# Dataset content:
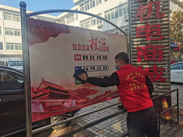 隨后,志愿者們又來到駐地附近的公共道路開展公交站牌和公益廣告牌衛(wèi)生清理工作,通過開展系列志愿服務活動,改善城市環(huán)境的同時,引導廣大市民提高環(huán)衛(wèi)意識,為營造整潔有序、環(huán)境優(yōu)美的城市環(huán)境貢獻了淄保力量。
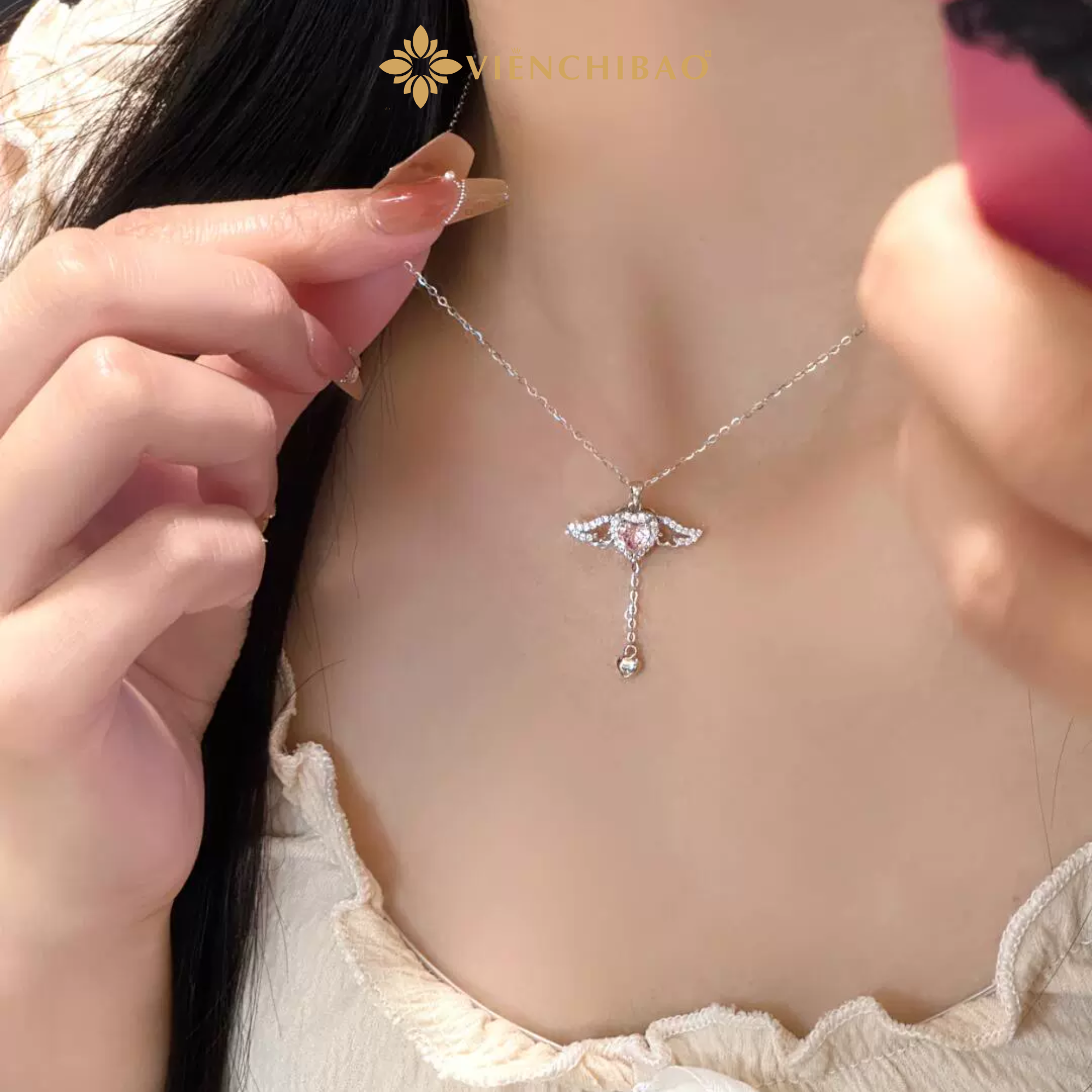Hằng ngày: Phối cùng áo thun trơn, áo sơ mi hoặc váy nhẹ để mặt dây đôi cánh trở thành điểm nhấn tinh tế nơi cổ.
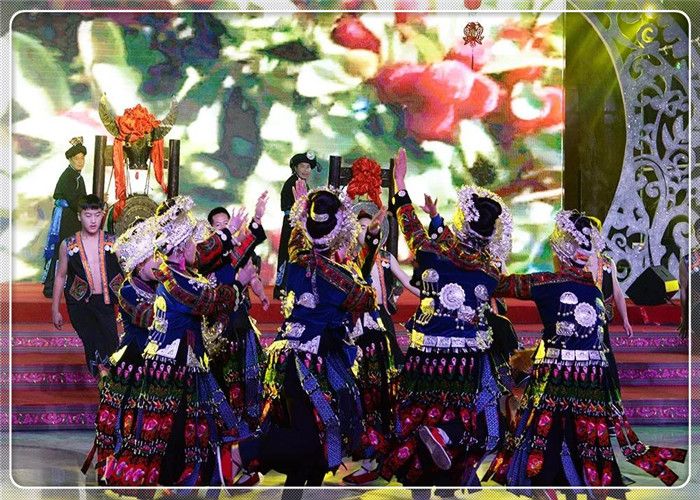 中國苗族網訊 2019年1月19日,由貴州省社科聯(lián)、貴州民族大學指導,貴州省苗學會主辦,貴陽市苗學會、六盤水市苗學會、安順市苗學會、畢節(jié)市苗學會、銅仁市苗學會、黔西南州苗學會、黔東南州苗學會、黔南州苗學會、貴安新區(qū)苗學會、多彩貴州城建設經營有限公司共同協(xié)辦的“迎新春-蝶韻楓彩鼓聲來”2019春節(jié)聯(lián)歡晚會,在貴州省貴陽市“多彩貴州城”展示中心隆重舉辦。貴州省9個州市及貴安新區(qū)苗族、布依族、侗族、土家族、彝族、仡佬族、水族、回族、白族、瑤族、壯族、毛南族、蒙古族、仫佬族、羌族、滿族等17個少數(shù)民族載歌載舞歌盛世,歡天喜地迎新春。 應邀出席春晚的領導嘉賓有貴州省人大常委會原副主任、省苗學會老會長楊光林,以及貴州省人大常委會,貴州省社科聯(lián),貴州省民政廳,貴州省政協(xié),貴州民大,貴州省政協(xié),貴州省文化和旅游廳,貴州省總工會,貴州省文聯(lián)、貴州省人大、省委宣傳部、省民政廳,民宗委,社科聯(lián),貴州省八大民族學會的相關領導等應邀出席并觀看演出。 春晚得到了貴州省委宣傳部領導關心,省委常委、省委宣傳部慕德貴部長對晚會專門作出重要批示,要求把春晚打造成一臺“思想性、藝術性、觀賞性統(tǒng)一的文藝晚會,豐富春節(jié)期間群眾性精神文化生活,營造歡樂、喜慶、團結、祥和的節(jié)日氛圍”。 晚會緊扣“同心共筑中國夢,中華民族一家親”主題,圍繞共同團結奮斗、共同繁榮發(fā)展主題,繼承和弘揚中華民族優(yōu)秀傳統(tǒng)文化,積極展示貴州少數(shù)民族同胞改革開放40周年來翻天覆地的新變化,用少數(shù)民族原生態(tài)歌舞形式歌頌黨、歌頌祖國、歌頌民族大團結。春晚節(jié)目,由貴州省各州市國家非遺保護節(jié)目、在中央春晚節(jié)目,由貴州省各州市國家非遺保護節(jié)目、在中央級、省市級比賽中獲獎的各民族原生態(tài)蘆笙舞、錦雞舞、銅鼓舞、板凳舞,苗族飛歌、古歌、大歌、情歌、絕技;民族盛裝走秀;非遺文化展示等26個節(jié)目組成。 晚會由240位貴州各地苗族演員,50位苗族、布依族、侗族、仡佬族、彝族、土家族、回族等17個少數(shù)民族演員,在主持人的開場白介紹中,手持燈花、衣著盛裝在鼓點笙曲中步入會場。 接著,被國內外譽為“東方迪斯科”的黔東南州臺江《反排木鼓舞》拉開笙鼓迎春的序幕,雷山國家級非遺節(jié)目《掌坳銅鼓舞》、《錦雞舞》,貴陽市花溪區(qū)《花鼓舞》、貴安新區(qū)原生態(tài)蘆笙舞《花坡韻》、黔南州《鼓龍鼓虎-長衫龍》、兒童舞蹈《跺月亮》、畢節(jié)市納雍縣蘆笙舞《滾山珠》、凱里原生態(tài)合唱《春之歌》、安順留守兒童合唱團《又見桃花開》、金竹樂隊蘆笙組合《酒歌》、銅仁市絕技《紙上飛仙》、黔西南州《板凳舞》等,一個個節(jié)目精彩絕倫、美輪美奐,舞出少數(shù)民族同胞“美起來、笑起來、富起來、強起來”的精神風貌、音容笑貌。最后,貴州省17個世居少數(shù)民族240名演員齊唱《愛我中華》,在“五十六個民族五十六朵花,五十六個兄弟姐妹是一家”的歌聲中把整臺晚會推向高潮,拉下帷幕。 此次春晚民族文化濃厚、明星歌手薈萃、演員陣容龐 此次春晚民族文化濃厚、明星歌手薈萃、演員陣容龐大、節(jié)目精彩絕倫。這些節(jié)目,涵蓋了東部方言、中部方言和西部方言各民族支系。遍及黔東南州、黔西南州、黔南州、貴陽市、安順市、畢節(jié)市、六盤水市、銅仁市和貴安新區(qū)。老藝術家榜香、青年歌手阿幼朵、潘興周、雷艷、楊一方、阿娜丹、歐桑、楊佳茜、楊祖桃、楊思雨、楊廷勇、吳敏成、阿蕾倩、余秋陽、阿依三姐妹、谷阿斯組合、阿依山娃組合等20多名少數(shù)民族歌星紛紛登臺獻藝,演員達300余人。 貴州省人大常委會原副主任、貴州省苗學會老會長楊光林說,春晚的舉辦,有利于提高民族同胞的戰(zhàn)斗力、凝聚力、感召力!春晚牢牢把握了“百姓富、生態(tài)美”兩條底線,通過晚會形式,吹響了少數(shù)民族同胞在黨中央和貴州省委、省政府的堅強領導下,致力于決戰(zhàn)脫貧攻堅,決勝同步小康、實現(xiàn)鄉(xiāng)村振興的號角。是號召大家參與國家實施的“鄉(xiāng)村振興、脫貧攻堅”任務,努力實現(xiàn)貴州人民2020年和全國人民同步實現(xiàn)小康及全國人民正在努力實現(xiàn)的“中國夢”作出貢獻的動員令! 晚會當天,春晚組委會主任、貴州省苗學會常務副會長張榮斌介紹:“迎新春-蝶韻楓彩鼓聲來”2019春節(jié)聯(lián)歡晚會,是推進貴州省委、政府明確提出的“全力打造多彩貴州民族特色文化強省”戰(zhàn)略定位的實際行動;是著力推出民族民間文化精品,提升“山地公園省,多彩貴州風”影響力和美譽度的良好平臺;是增強少數(shù)民族同胞文化自信,打造“山地公園省,多彩貴州風”的靚麗名片和文化品牌;是全省少數(shù)民族同胞新春佳節(jié)的一場文化盛宴。 參加春晚的演員百分之九十來至農村,很多來自邊遠山區(qū)。大家認為,春晚要年年辦,希望黨委政府關心支持老百姓辦自己的春晚。通過晚會,挖掘貴州少數(shù)民族優(yōu)秀傳統(tǒng)文化,特別是非遺文化。讓全國人民知道貴州、了解貴州、關心貴州,積極參與到貴州少數(shù)民族地區(qū)的脫貧攻堅
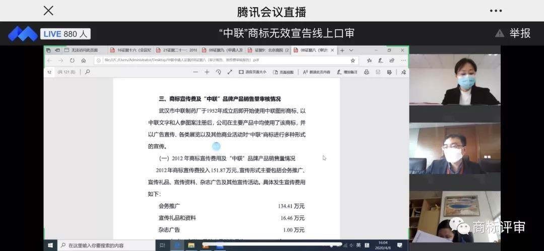 2020年4月8日下午,商标评审庭线上直播再次开庭,就三起“中联”系列商标无效宣告案展开并案口审。近2500人在线观看了庭审直播。
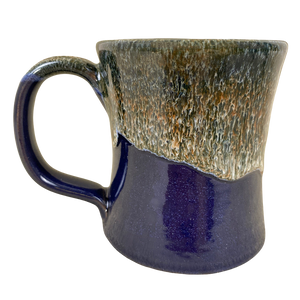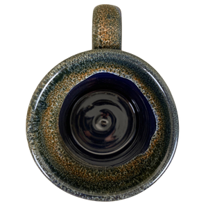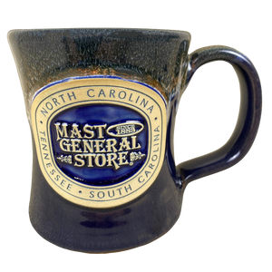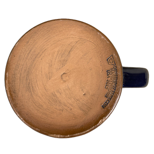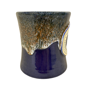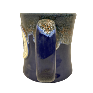 This is a beautiful hand thrown mug that features a raised etched plaque on its front surface that says the following:
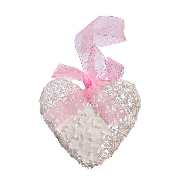 Add warmth and seasonal charm to your home with the Hogewoning Hanging Rattan Heart Decoration. Crafted from natural rattan twine, each 13cm decorative heart features a delicate blossom effect on one side, creating a soft floral finish that suits rustic, country and modern interiors alike.
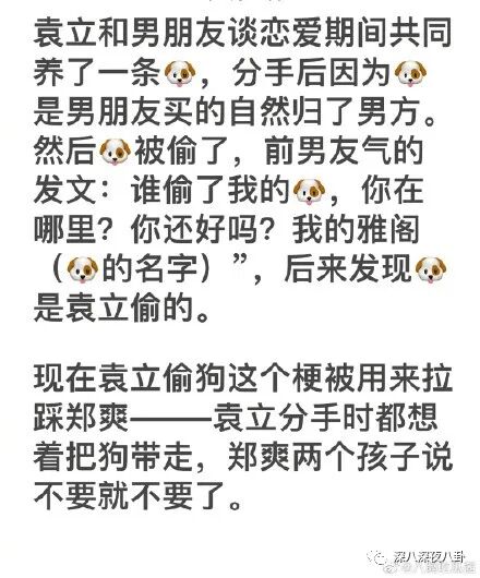 由此还衍生出了一个新梗:“袁立偷狗”。用来拉踩郑爽,袁立分手都要带走狗,郑爽俩孩子说不要就不要了。
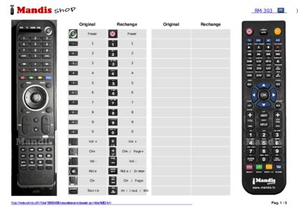 Cette télécommande remplace entièrement votre RM-303 et offre toutes les fonctions de l'originale.
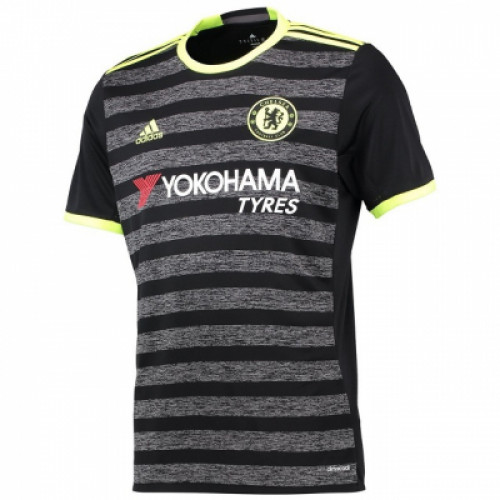 Chelsea (гостевая, ретро 2016/17): чёрная футболка adidas с серыми горизонтальными «меланж»-полосами и неоново-жёлтой окантовкой воротника и рукавов. На груди — жёлтый герб Chelsea и логотип adidas, спереди крупный спонсор Yokohama Tyres. Лаконичный, контрастный дизайн с яркими акцентами.
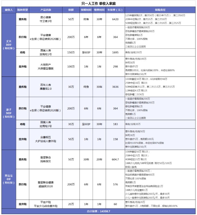 總的來說,小王家的方案思路就是在有限預算內(nèi),盡可能買到更高的保障。
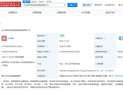 明阳智能在乌兰察布成立新能源装备公司 注册资本5000万
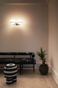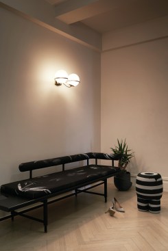The master bedroom and bath were touched lightly, with the addition of custom millwork his and hers closets, and new finishes and fixtures in the master bath. A vintage shelving unit by Frederick Weinberg sourced from eBay holds vintage ceramics and books that the couple collect, and the couple’s bed is flanked by vintage nightstands by Luigi Caccia Dominioni for Azucena, sourced from Compasso Gallery; and custom sconces by Allied Maker.
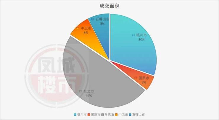 从成交面积来看,吴忠市占比49%,成交面积最多,银川市第二,占比30%,固原市则成交面积最少,占比5%;
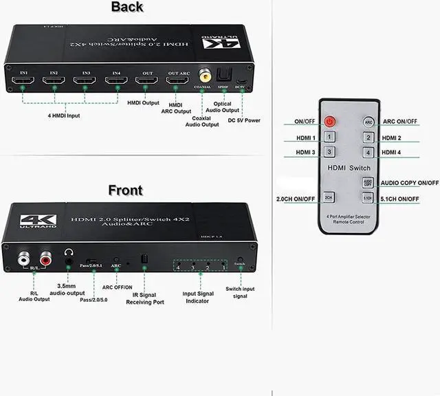 HDMI 2.0 and HDCP 1.4,4K@60Hz 4X2 HDMI Switch audio extractor with ARC,3.5mm Jack,L/R,Coaxial & optical Toslink SPDIF.support YUV4:2:0 for 4K@60Hz,EDID,IR remote control,HDR for 2K .
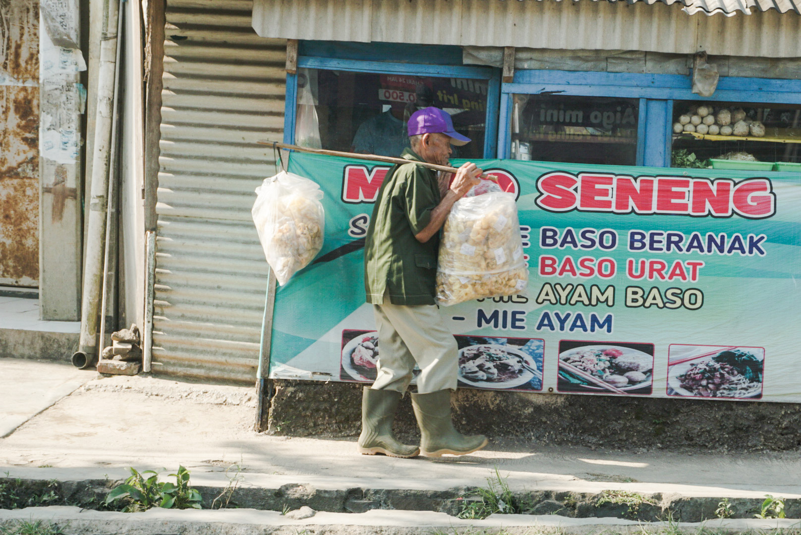 Saya bertemu dengan Abah Aman, seorang penjual kerupuk kulit berusia 81 tahun, yang duduk melamun di bawah terik matahari karena dagangannya sepi pembeli.

# About this exercise:
Only one part of the material above is wanted: the lines from the one with "This is a beautiful" up to and including the one with "HDMI 2.0 and". Please copy them exactly, pictures left out.

# Answer box:
 This is a beautiful hand thrown mug that features a raised etched plaque on its front surface that says the following:
 Add warmth and seasonal charm to your home with the Hogewoning Hanging Rattan Heart Decoration. Crafted from natural rattan twine, each 13cm decorative heart features a delicate blossom effect on one side, creating a soft floral finish that suits rustic, country and modern interiors alike.
 由此还衍生出了一个新梗:“袁立偷狗”。用来拉踩郑爽,袁立分手都要带走狗,郑爽俩孩子说不要就不要了。
 Cette télécommande remplace entièrement votre RM-303 et offre toutes les fonctions de l'originale.
 Chelsea (гостевая, ретро 2016/17): чёрная футболка adidas с серыми горизонтальными «меланж»-полосами и неоново-жёлтой окантовкой воротника и рукавов. На груди — жёлтый герб Chelsea и логотип adidas, спереди крупный спонсор Yokohama Tyres. Лаконичный, контрастный дизайн с яркими акцентами.
 總的來說,小王家的方案思路就是在有限預算內(nèi),盡可能買到更高的保障。
 明阳智能在乌兰察布成立新能源装备公司 注册资本5000万
The master bedroom and bath were touched lightly, with the addition of custom millwork his and hers closets, and new finishes and fixtures in the master bath. A vintage shelving unit by Frederick Weinberg sourced from eBay holds vintage ceramics and books that the couple collect, and the couple’s bed is flanked by vintage nightstands by Luigi Caccia Dominioni for Azucena, sourced from Compasso Gallery; and custom sconces by Allied Maker.
 从成交面积来看,吴忠市占比49%,成交面积最多,银川市第二,占比30%,固原市则成交面积最少,占比5%;
 HDMI 2.0 and HDCP 1.4,4K@60Hz 4X2 HDMI Switch audio extractor with ARC,3.5mm Jack,L/R,Coaxial & optical Toslink SPDIF.support YUV4:2:0 for 4K@60Hz,EDID,IR remote control,HDR for 2K .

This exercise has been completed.